Would you output the listing exactly, with every image omitted?
[[ SUPPLIED DATA open ]]
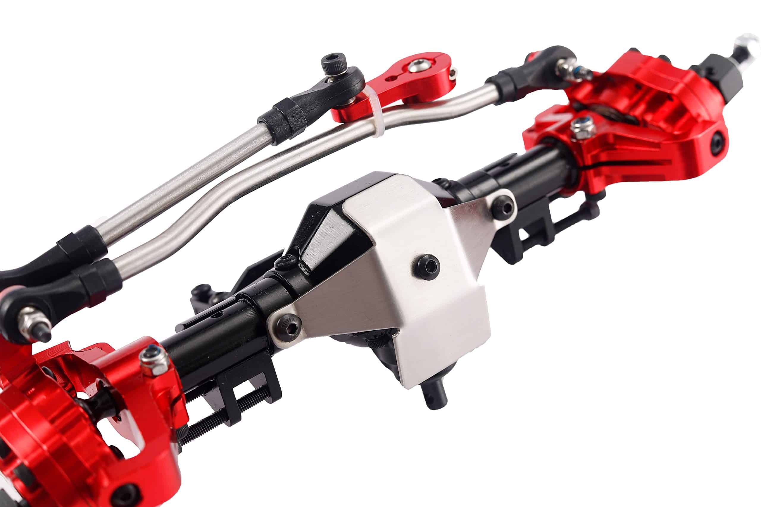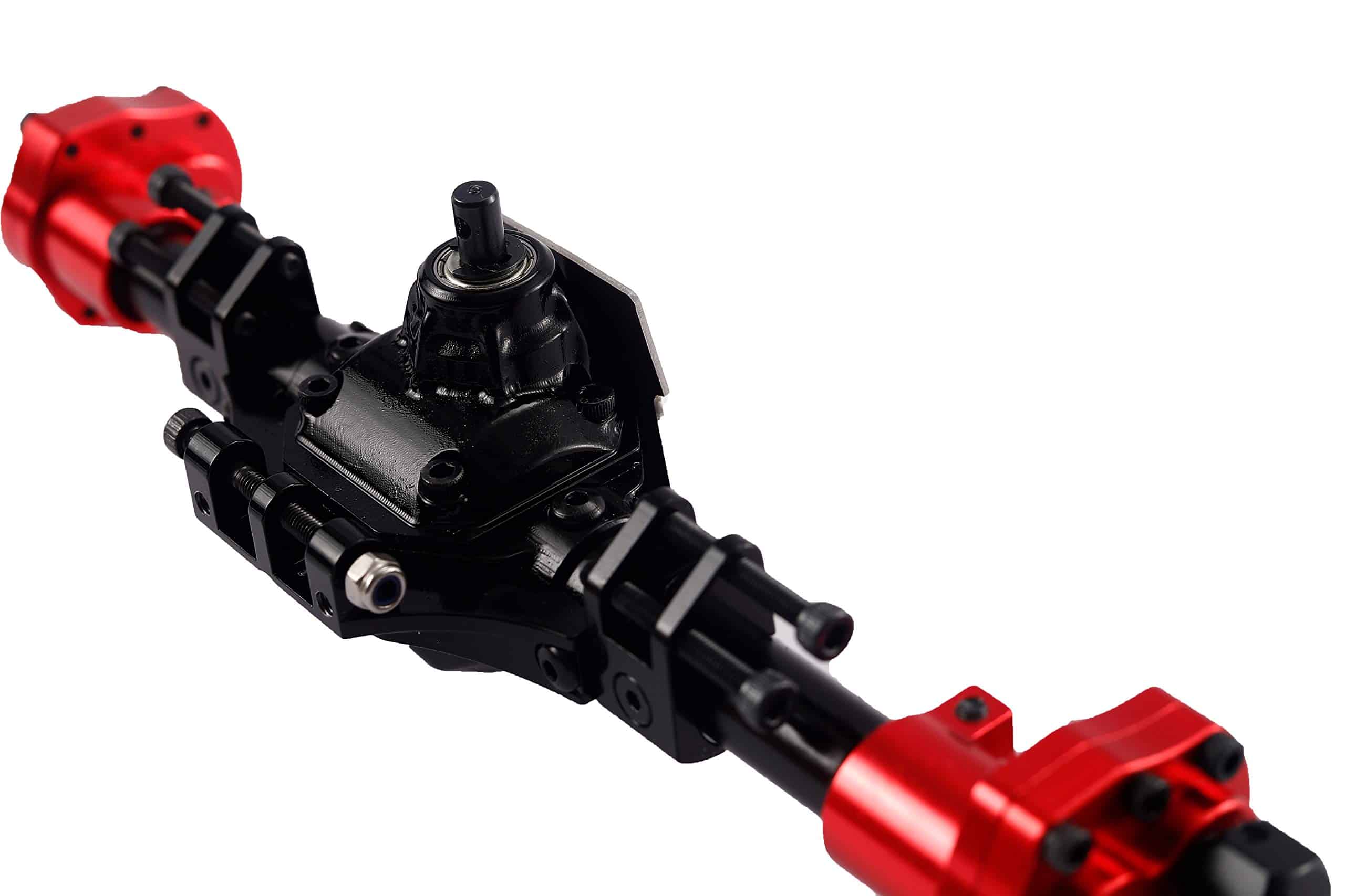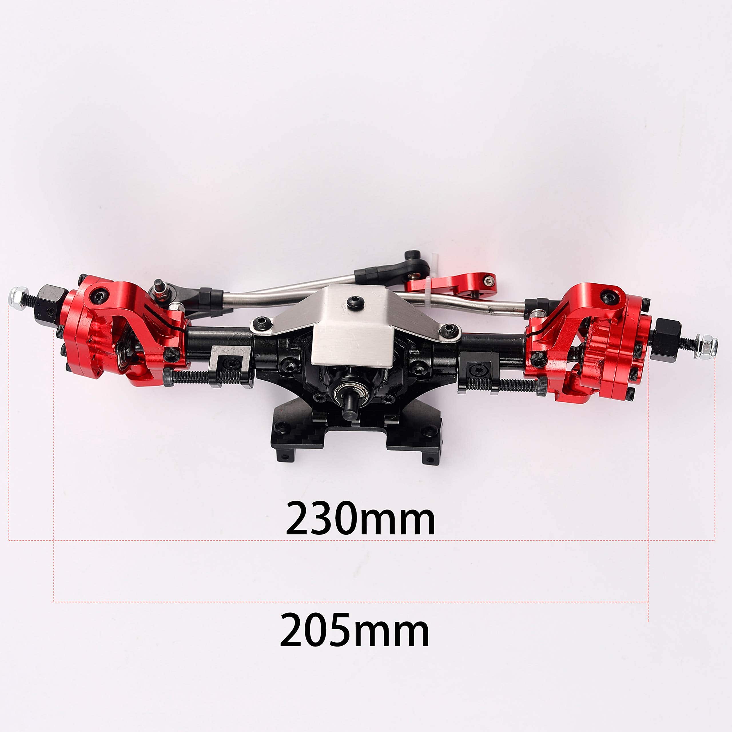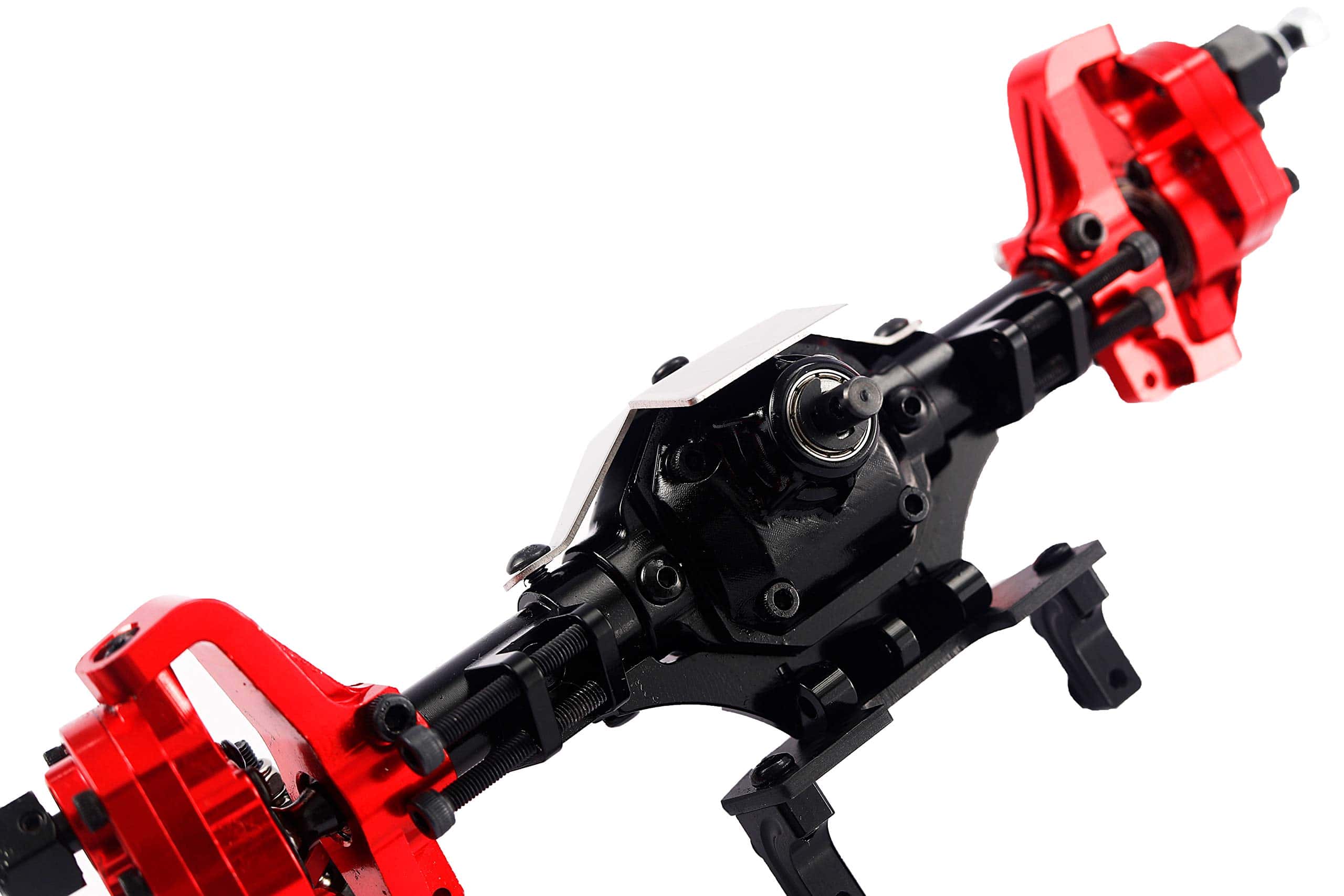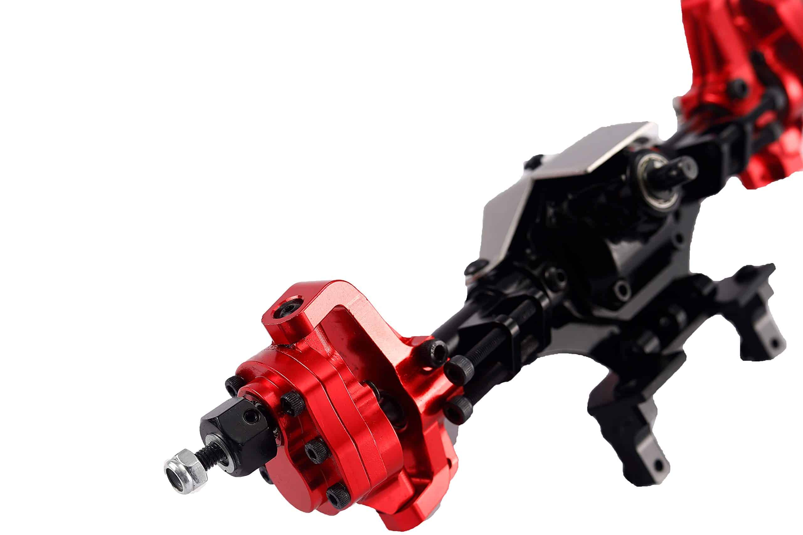 Material: Aleación. Color: Negro con Rojo. Usando tecnología CNC. Adecuado para modelo de coche Crawler Axial SCX10 1:10. Materiales de alta calidad y artesanía excelente. El upgrade ligero mejora instantáneamente el rendimiento general en manejo y durabilidad. Peso: 580g 1.27lbs. Incluye: 1 x Eje Delantero para 1/10 SCX10, 1 x Eje Trasero para 1/10 SCX10.
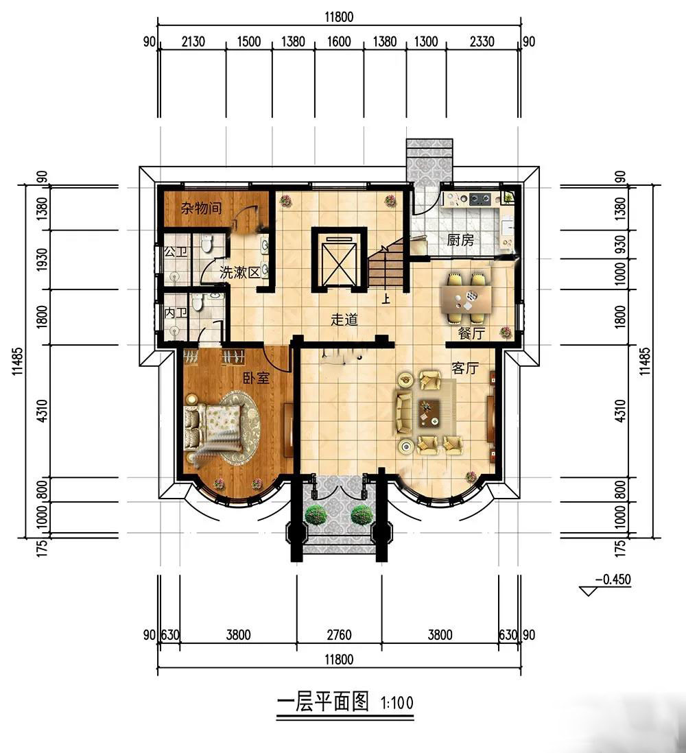 開間11.8米,進(jìn)深11.485米
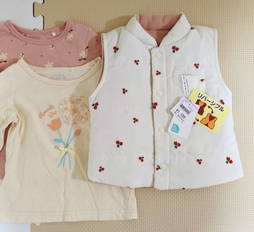 新品リバーシブルベスト 80 *長袖Tシャツ2枚(中古)つき
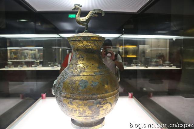 鎏金鳳鳥銅鐘,2003年西安市區漢墓出土,高78釐米,密封完好,鍾內還有26公斤的西漢美酒,打開時醇香撲鼻,被稱為“中華最古美酒” 圖自新浪
[[ SUPPLIED DATA closed ]]
*EXPECTED ANSWER*
 Material: Aleación. Color: Negro con Rojo. Usando tecnología CNC. Adecuado para modelo de coche Crawler Axial SCX10 1:10. Materiales de alta calidad y artesanía excelente. El upgrade ligero mejora instantáneamente el rendimiento general en manejo y durabilidad. Peso: 580g 1.27lbs. Incluye: 1 x Eje Delantero para 1/10 SCX10, 1 x Eje Trasero para 1/10 SCX10.
 開間11.8米,進(jìn)深11.485米
 新品リバーシブルベスト 80 *長袖Tシャツ2枚(中古)つき
 鎏金鳳鳥銅鐘,2003年西安市區漢墓出土,高78釐米,密封完好,鍾內還有26公斤的西漢美酒,打開時醇香撲鼻,被稱為“中華最古美酒” 圖自新浪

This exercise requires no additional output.